Publication number: JPH0373057A
Application number: JP1208672A
Authority: JP
Inventors: Ryohei Kumagai; 熊谷　良平; Sunao Takatori; 直高取; Makoto Yamamoto; 誠山本; Koji Matsumoto; 幸治松本
Original assignee: Ezel Inc
Current assignee: Ezel Inc
Priority date: 1989-08-12
Filing date: 1989-08-12
Publication date: 1991-03-28

Abstract

PURPOSE:To prevent a drop into a local minimum in a learning processing by forcedly changing the weight of a neuron generating a significant output at a certain time point so that the weight can be temporarily decreased to a minimum value and afterwards increased to the value at this time point, and adjusting the weight during the period of this change. CONSTITUTION:Plural neural layers NL are provided with plural neurons N parallelly provided and the neural layer is constituted so that the output of a certain neural layer can be the input of the neural layer in the next step. Threshold values theta of the neurons in the same neural layer are mode same and the threshold value theta is increased toward the neural layer in the rear step. A gradient for this increase of the threshold value is made smooth. The weight of the neuron generating the significant output is forcedly changed so as to be temporarily decreased to the minimum value and afterwards to be increased to the value at this time point.
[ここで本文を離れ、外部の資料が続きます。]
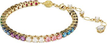 Add vibrant sparkle to your wrist with this elegant bracelet set with multicolor Swarovski crystals and plated in polished goldtone.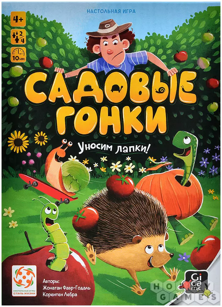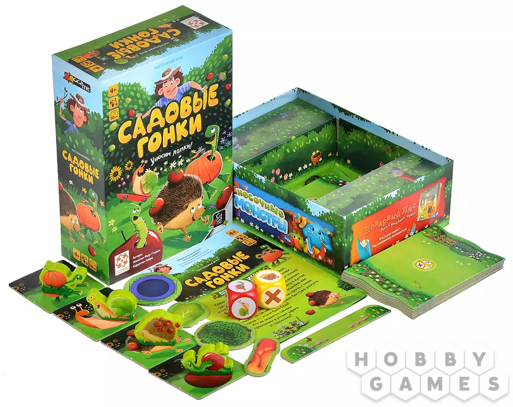 "Садовые гонки" – яркая и динамичная настольная игра для всей семьи, где вам предстоит возглавить побег весёлой звериной компании из сада. Ваша цель – первым привести своего подопечного к спасительной калитке, пока сердитый хозяин не поймал нарушителей. Всё очень просто и весело! Вашими помощниками станут два волшебных кубика с картинками зверушек. Бросьте их и выберите свою тактику на этот ход: помочь своему зверьку сделать шаг к свободе или отбросить назад самого опасного конкурента!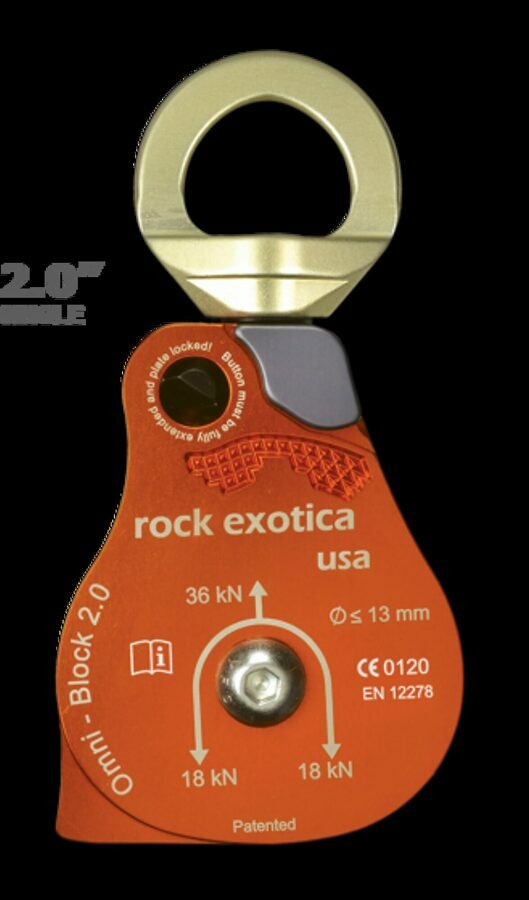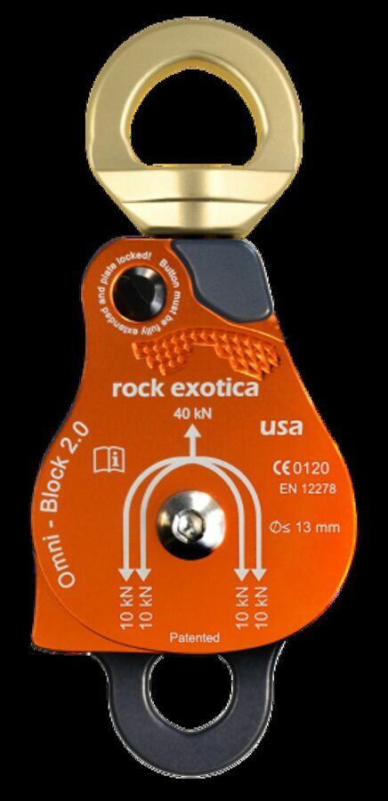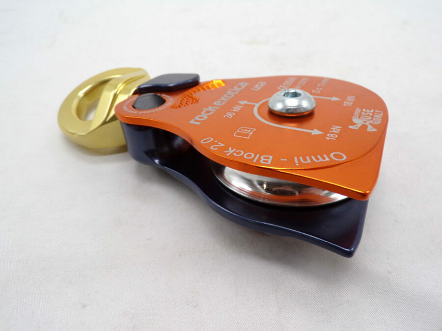 Description: Rock Exotica's Omni-Block combines a swivel and pulley into one tool, and incorporates a unique sideplate that opens while the pulley is still attached to the anchor. Traditionally, a pulley is connected to a swivel by a carabiner. However, the Omni eliminates the need for the carabiner, reducing length and pieces of equipment in the rigging system. The short length of the Omni is important when used in high-angle, confined space or other space-sensitive rigging environments. The reduced weight of the Omni will make hauling your gear easier. Additionally the Omni sideplate can be opened without detaching from the carabiner. Traditional pulleys require removing from the carabiner to change the rope. With the Omni, the user is able to do this while the pulley is still secured.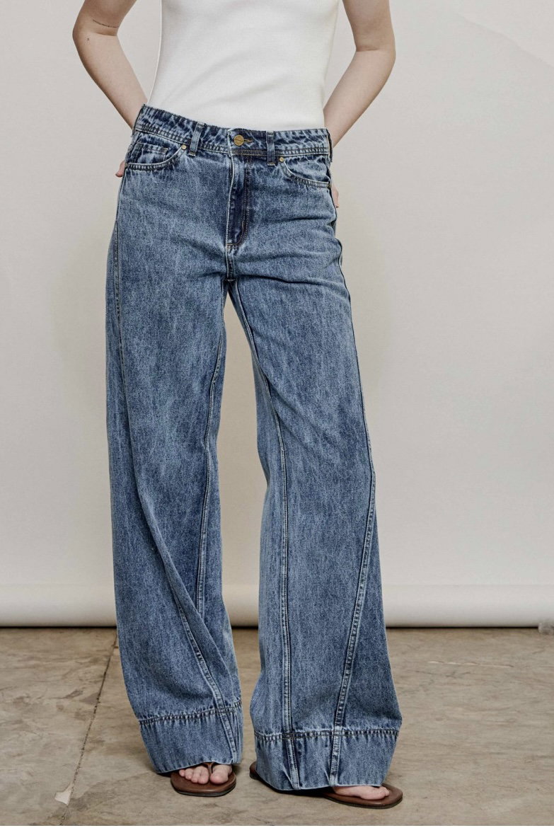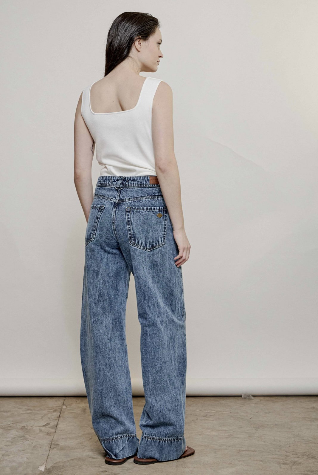 Jean tiro medio 5 bolsillos de calce wide leg. Confeccionado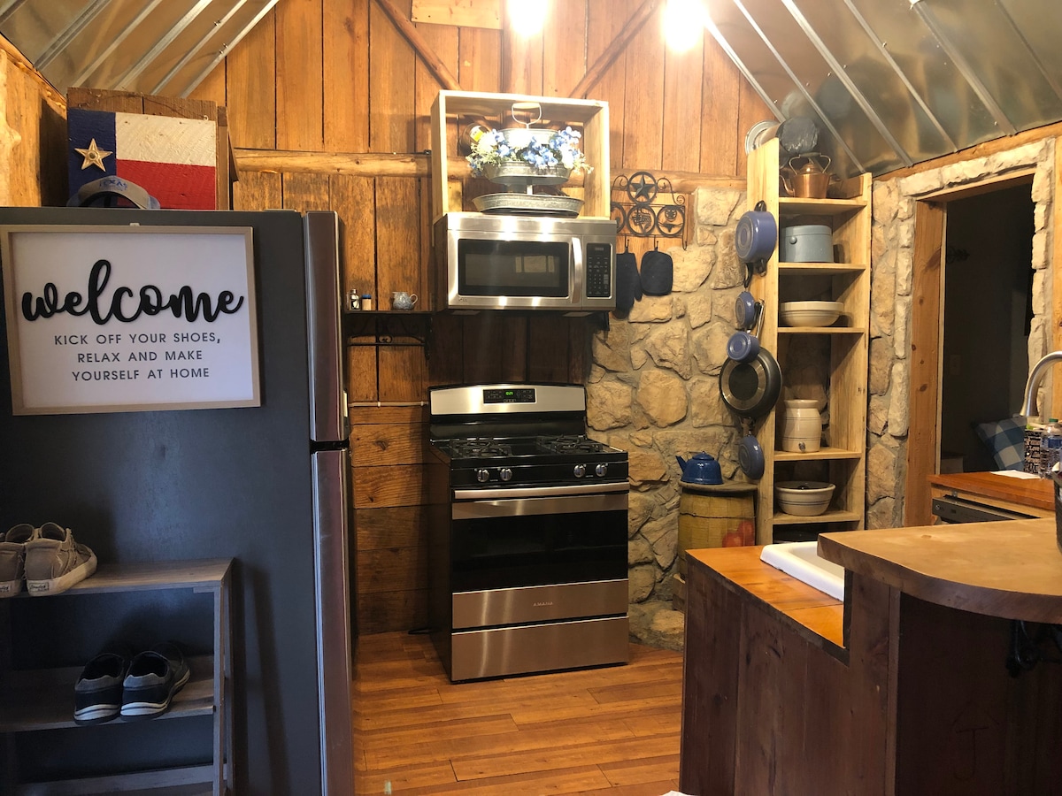 Mucho más que una estancia nocturna, es una experiencia. Ven al campo para escapar de todo. Disfruta de la naturaleza en esta pequeña y pintoresca cabaña que permite relajarse al aire libre bajo un porche totalmente cubierto. Pesca un pez, asa un s'more o acaricia una cabra. Carrito de golf disponible para recorrer los alrededores. Glamping en todo su esplendor. Finalmente tuve que ceder a la tecnología y añadir wifi para los huéspedes (gratis) y también añadí un amplificador de teléfono móvil para una mejor comunicación exterior cuando sea necesario. La piscina ya está disponible.

Then, while applying the fixed input data during a period for this forced change of the weight, the weight is corrested based on the evaluated result of the output. Thus, the drop into the local minimum can be prevented.

Description

【発明の詳細な説明】（産業上の利用分野〕本発明は、入力されたデータに所定の重みを乗じた積の
総和と閾値との比較結果に応じたデータを出力するニュ
ーロンが複数設けられたデータ処理装置において、前記
重みを適正化するための方法に関する。[Detailed Description of the Invention] (Industrial Application Field) The present invention provides a plurality of neurons that output data according to the result of comparing the sum of products obtained by multiplying input data by a predetermined weight and a threshold value. The present invention relates to a method for optimizing the weights in a data processing device.

[Conventional technology]

この種のデータ処理装置の学習過程において、ある程度
適正な入出力相関が生じ、その相関が強められたとき、
以後データ処理装置がその状態から脱出できず、最適化
が不可能となる場合がある。In the learning process of this type of data processing device, when a certain degree of appropriate input-output correlation occurs and that correlation is strengthened,
Thereafter, the data processing device may not be able to escape from this state, and optimization may become impossible.

これはローカルミニマムへの落ち込みと表現され、例え
ばポルツマンマシン（Ｄａｖｉｄ　）１．　Ａｃｋｌｅ
ｙ、　Ｇｅｏｆｆｒｅｙ　Ｅ、　）Ｉｔｎｔｏｎ、ａｎ
ｄ　Ｔｅｒｒｅｎｃｅ　Ｊ、　Ｓｅｊｎｏｗｓｋｉ：　
ＡＩｅａｒｎｆｎｇ　ａｌｇｏｒｉｔｈｍ　ｆｏｒ　Ｂ
ｏｌｚｔｓａｎ　ｍａｃｈｉｎｅｓ：Ｃｏｇｎｉｔｉｖ
ｅ　５ｃｉｅｎｃｅ　９＋　１９８９＋　１４７−１６
９）では、ニューラルネットワークのエネルギ式マムから脱出して大局的ローカルごニマムに到達するた
めに、一時的に前記エネルギを所定の高レベルにジャン
プさせる。しかし入出力の最適相関と前記エネルギの大
局的ローカル果ニマムの状態とは必ずしも一致するもの
ではない。また一般に局所的ローカルくニマムの深さは
不明であり、エネルギレベルを所定値だけ高めたときに
、確実に局所的ローカルごニマムから脱出し得るという
保証はなく、エネルギの大局的ローカルミニマムに到達
し得るという保証すらない。さらにエネルギを一時的ジ
ャンプするということ自体、生体系の機能との整合性は
ない。This is expressed as a drop to a local minimum, such as the Portzmann machine (David) 1. Ackle
y, Geoffrey E.) Itnton, an
d Terrence J, Sejnowski:
AIearnfng algorithm for B
olztsan machines: Cognitive
e 5science 9+ 1989+ 147-16
In 9), the energy is temporarily jumped to a predetermined high level in order to escape from the energy equation of the neural network and reach the global local equation. However, the optimal correlation between input and output does not necessarily match the state of the global local energy. In addition, the depth of the local minimum is generally unknown, and there is no guarantee that when the energy level is increased by a predetermined value, it will be possible to escape from the local minimum, and the global local minimum of energy will be reached. There is no guarantee that it will even be possible. Furthermore, a temporary jump in energy itself is inconsistent with the functioning of biological systems.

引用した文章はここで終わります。